10. Click Next, leaving all fields blank in the Add Existing Sources dialog box

11. Click Finish in the Project Summary dialog box to finish with the creating of the new project

2.3 Creating Module

To create a new module, follow these steps:

1. Select Project / New Source

2. In the New Source dialog box, Illustration 2.3, select VHDL Module, enter module_name (in our case it is frequency_trigger_rtl) in the File name field and click Next to open the Define Module dialog box

Illustration 2.3: New Source dialog box

3. Enter module_entity_name (frequency_trigger) in the Entity name field and module_architecture_typ (rtl) in the Architecture name field

4. Specify ports for the intended module as shown on the Illustration 2.4

Illustration 2.4: Specifying ports for the Frequency Trigger module

5. Click Next

6. Click Finish

Note: The Tool automatically creates a default header and the entity declaration based on the data that you entered.

Important: The automatically generated code is not very handsome and clear, and the recommendation is to modify it.
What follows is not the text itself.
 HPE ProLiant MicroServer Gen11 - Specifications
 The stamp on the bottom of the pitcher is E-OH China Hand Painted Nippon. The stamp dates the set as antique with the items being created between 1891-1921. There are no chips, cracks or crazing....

Here are the steps for modifying:

• create a module header as comment

• set all text to lower case

• remove all end descriptions (for example: rtl next to end) and all comments

• set all in/outputs in alphabetical order and comment them

Note: As you can see there is a lot of things for modifying. For better designs, our recommendation is not to use the GUI module inserter. Instead of that, create a module in an text editor, rename it to module_name.vhd and insert it into your project.
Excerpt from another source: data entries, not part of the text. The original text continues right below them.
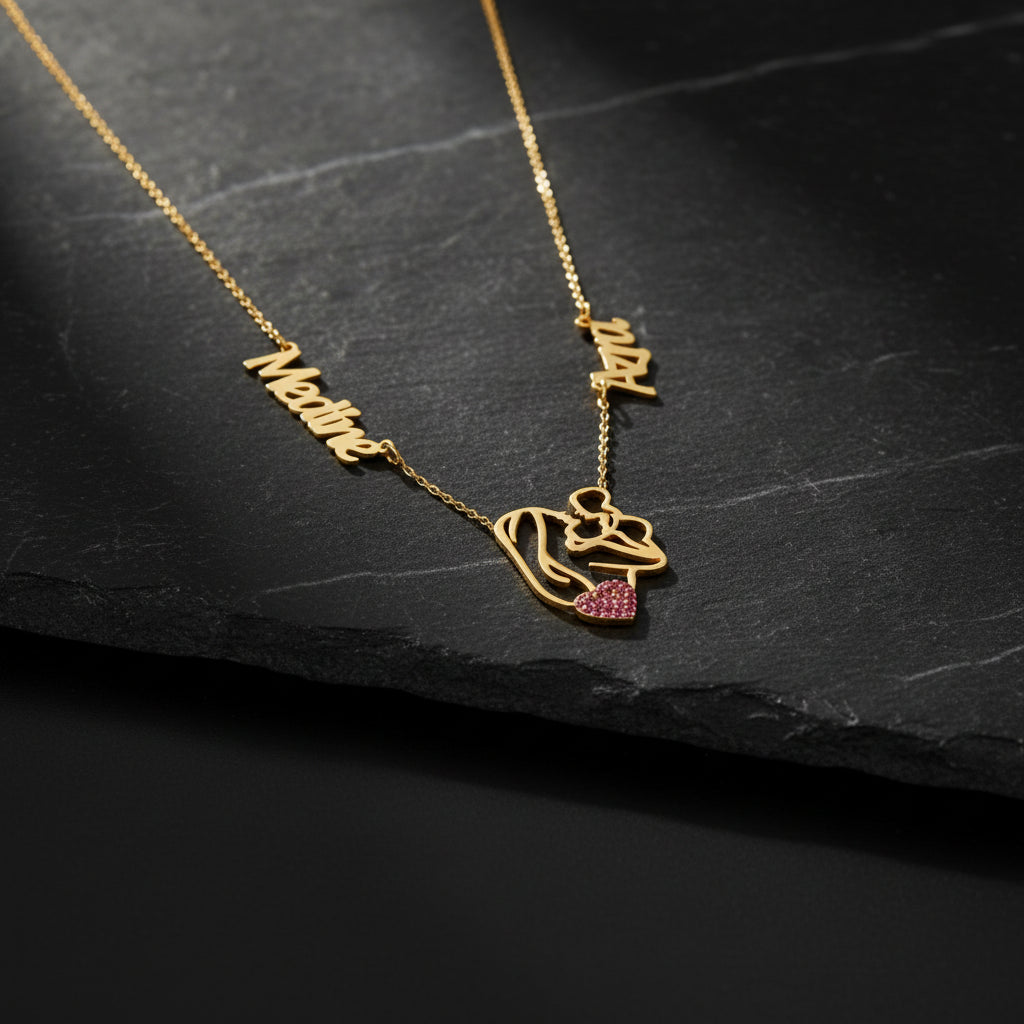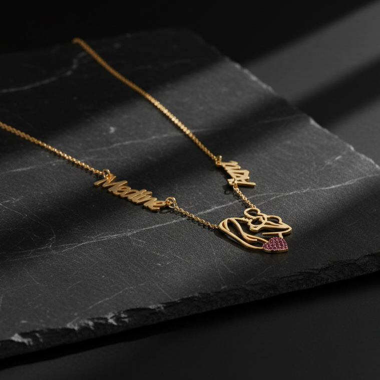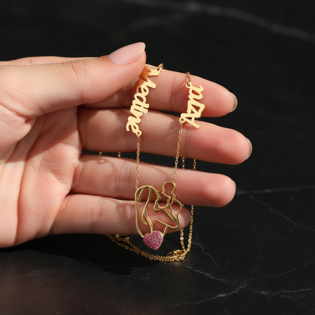 Anneler Günü için özel, anne bebek figürlü ve isim yazılı zarif kolye. Hollanda’da hazırlanır, hediye paketinde hızlı ve güvenli gönderilir.
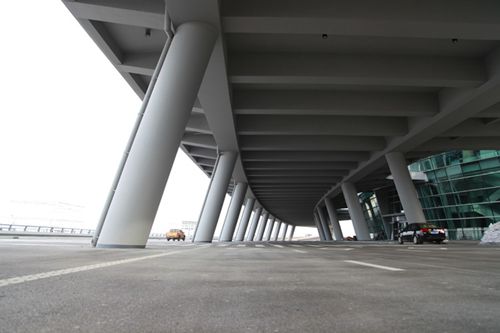 透过纷繁的脚手架及钢杆件,我们可以感受到由24组V型柱支撑的由空心梁放射排成的108米“太阳轮”的巨大,可以看到航站楼草原雄鹰般的姿态与气势。可以想像,面对内蒙古戈壁严酷的气候,无论在烈日骄阳还是狂风暴雪中,建筑师们安排的乘客是如何畅通无阻地从停车场到航站楼再登上飞往各地的飞机。
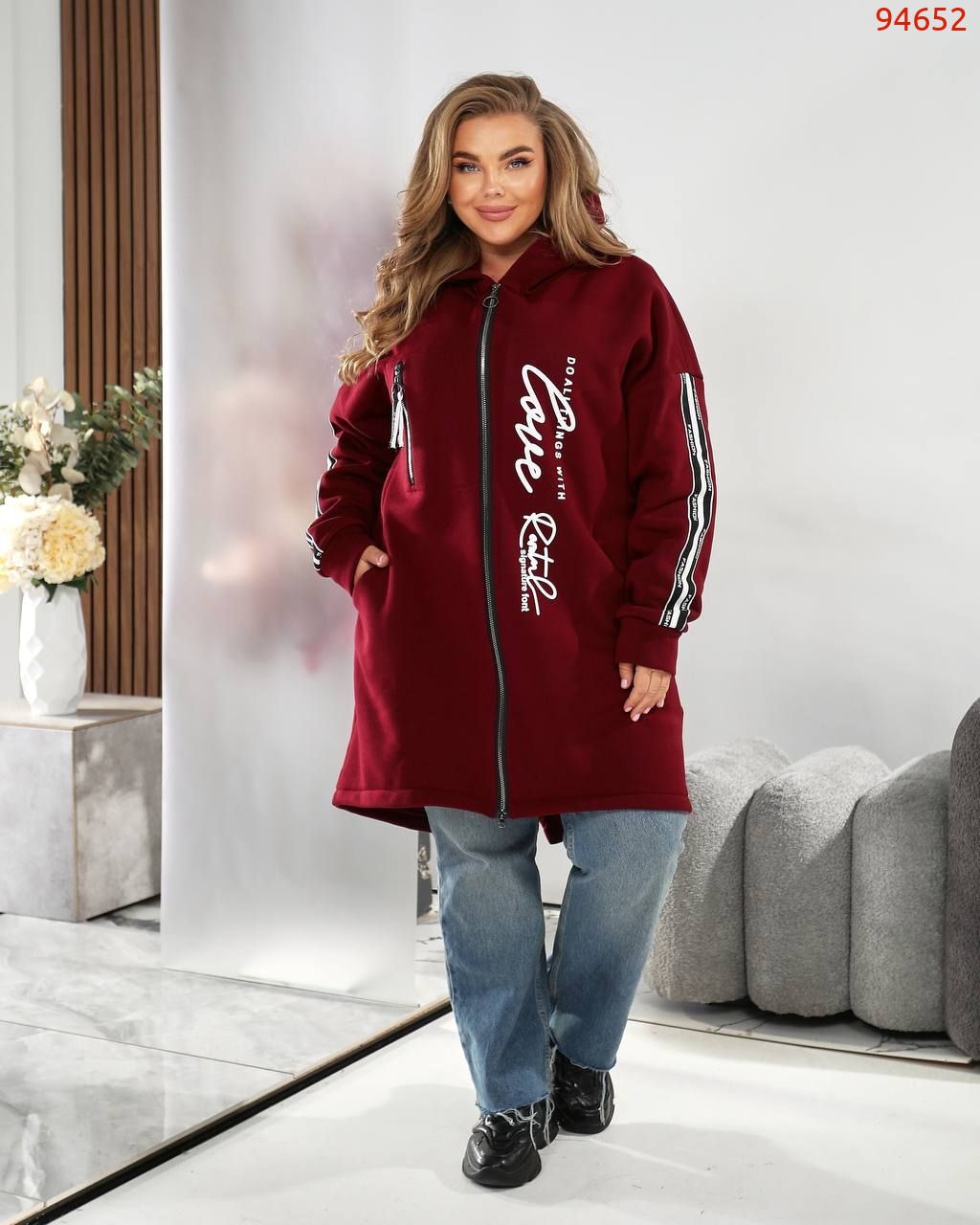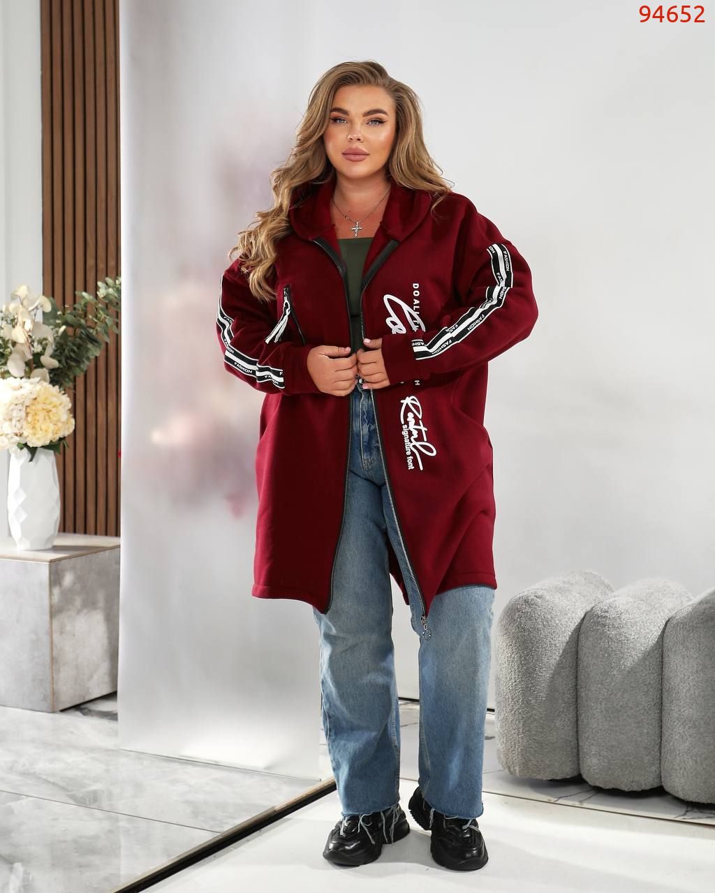 Модний подовжений фасон на блискавці з капюшоном – ідеальний для прохолодних днів

Frequency Trigger VHDL model:

library ieee;

use ieee.std_logic_1164.all;

use ieee.std_logic_arith.all;

use ieee.std_logic_unsigned.all;

entity frequency_trigger is

generic(

freqhigh_g : std_logic_vector (17 downto 0) := (others=>'0'); -- input clock division factor when sw0_freq_sel = '1'

freqlow_g : std_logic_vector (17 downto 0) := (others=>'0') -- input clock division factor when sw0_freq_sel = '0'

);

port(

clk_in : in std_logic; -- 50 MHz input clock signal

sw0_freq_sel : in std_logic; -- signal used for selecting frequency

freq_trig : out std_logic -- output signal which frequency depends on the sw0_freq_sel state

);

end;

architecture rtl of frequency_trigger is

signal freq_cnt_s : std_logic_vector (17 downto 0) := (others => '0'); -- clock counter

signal sw0_freq_sel_jmp : std_logic := '0'; -- variable who is tracking sw0_freq_sel'event

begin

freq_ce_p : process -- create and select frequency

begin

wait until rising_edge(clk_in);

freq_cnt_s <= freq_cnt_s + 1; -- increment

freq_trig <= '0';

case sw0_freq_sel is -- select sine frequency

when '0' => -- frequency for sw0_freq_sel = '0'

if (sw0_freq_sel_jmp = '1') then

freq_cnt_s <= (others => '0'); -- reset

sw0_freq_sel_jmp <= '0';

end if;

if (freq_cnt_s = freqlow_g - 1) then

freq_trig <= '1';

freq_cnt_s <= (others => '0'); -- reset

end if;

when '1' => -- frequency for sw0_freq_sel = '1'

if (sw0_freq_sel_jmp = '0') then

freq_cnt_s <= (others => '0'); -- reset

sw0_freq_sel_jmp <= '1';

end if;

if (freq_cnt_s = freqhigh_g - 1 ) then

freq_trig <= '1';

freq_cnt_s <= (others => '0'); -- reset

end if;

when others => null;

end case;

end process;

end;

7. In the Sources window, left-click on the module_name (frequency_trigger – rtl), then in the Processes window expand Synthesize and then double-click on the Check Syntax (see Illustration 2.5).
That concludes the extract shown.